I am looking at RNA-seq data, which I have little experience in. I notice that for many genes, there are reliable alignments (i.e. with high mapping quality) to introns. I understand that some of them are due to unannotated transcripts, but in many regions, this does not seem to be the major cause. The intronic read hits do not seem to be purely caused by alignments artifacts, either, because the pattern is tissue specific (though this is not a compelling evidence). Another possible explanation is that this observation is due to noisy transcripts (Pickrell et al, 2010), but this seems to be a big effect: for some long genes, there are far more intronic hits than exonic hits.
I guess those who study RNA-seq data must have noticed the intronic hits for years. What is cause of the large amount of intronic read hits? Is it caused by alignment/library prep artifacts or noisy transcription? Are there papers addressing this? Thanks.
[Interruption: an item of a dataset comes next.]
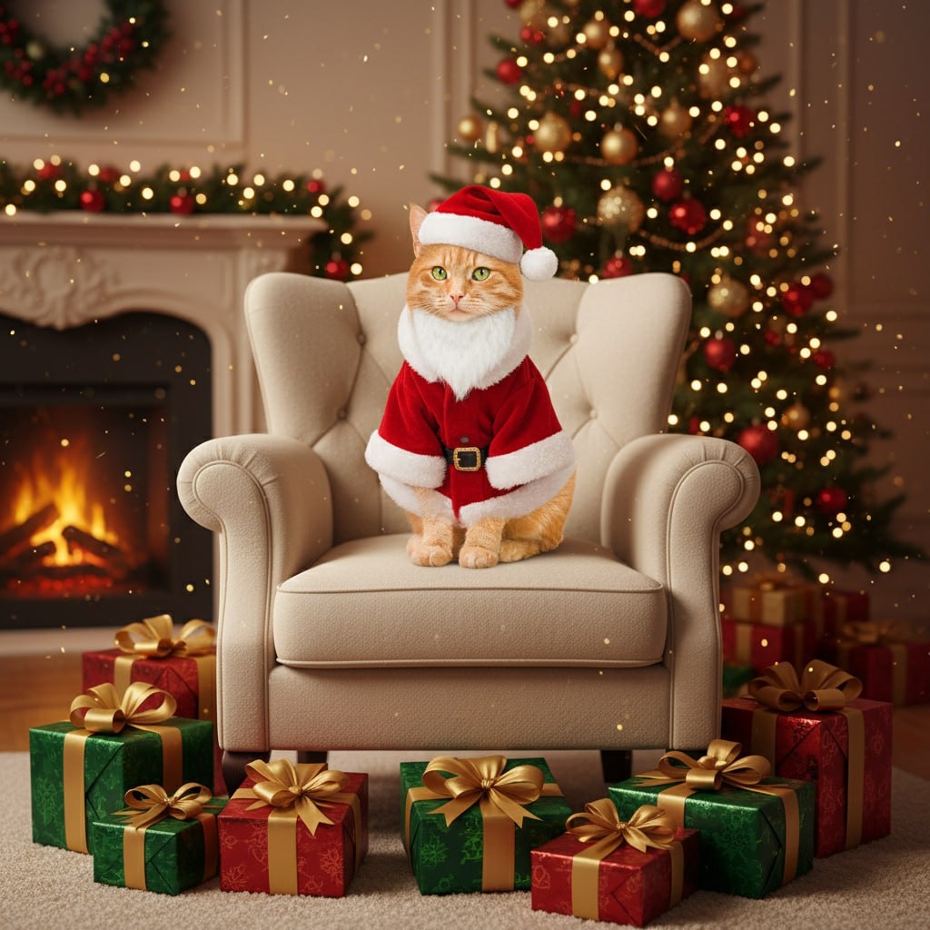 🔥 Делаем из своего кота или пса звезду праздничного стола. Закидываешь фото любимца в @SnapToVideo_bot, выставляешь сходство на максимум и получаешь готовую открытку. ⚡️ Используя загруженное фото питомца в качестве точного эталона внешности, сохранив 100-процентное сходство породы, окраса и черт мордочки, создайте фотографию по описанию. Фотореалистичный [портрет в полный рост] питомца, на котором изображен [кот/пес]. Питомец одет в детально проработанный [красно-белый костюм Санта-Клауса с белой меховой оторочкой и маленьким колпаком на голове]. Питомец [элегантно сидит] в [уютной гостиной с праздничным декором], вокруг лежат [красиво упакованные коробки с подарками и золотыми лентами]. На фоне — наряженная [высокая елка] с теплыми мерцающими гирляндами. В воздухе [летают искры золотого конфетти]. У питомца [внимательный и добрый взгляд] прямо в объектив. [Мягкое вечернее освещение от камина и гирлянд]. Высокая детализация шерсти, 8k, кинематографичный стиль. Как менять: 👀 🎯 В

EDIT: my conclusion. I was looking at ERR030882 from Illumina BodyMap (brain). The sample were processed with oligo-dT. I am using the gencode exon annotations, including all the pseudogenes, lincRNA and known processed transcripts, totalling ~112Mbp. The initial analysis reveals ~80% of bases mapped to exons. Nonetheless, if I only look at read pairs with insert size larger than 311bp (~10% of the original data), 98.2% of these spliced read pairs are mapped to known exons, suggesting that the vast majority of the intronic and intergenic read pairs are unspliced. It is possible that some unspliced pairs come from unknown single-exon transcripts with intact polyA tail, but contaminations seem the leading cause overall.
Hi, could you accept an answer here, please.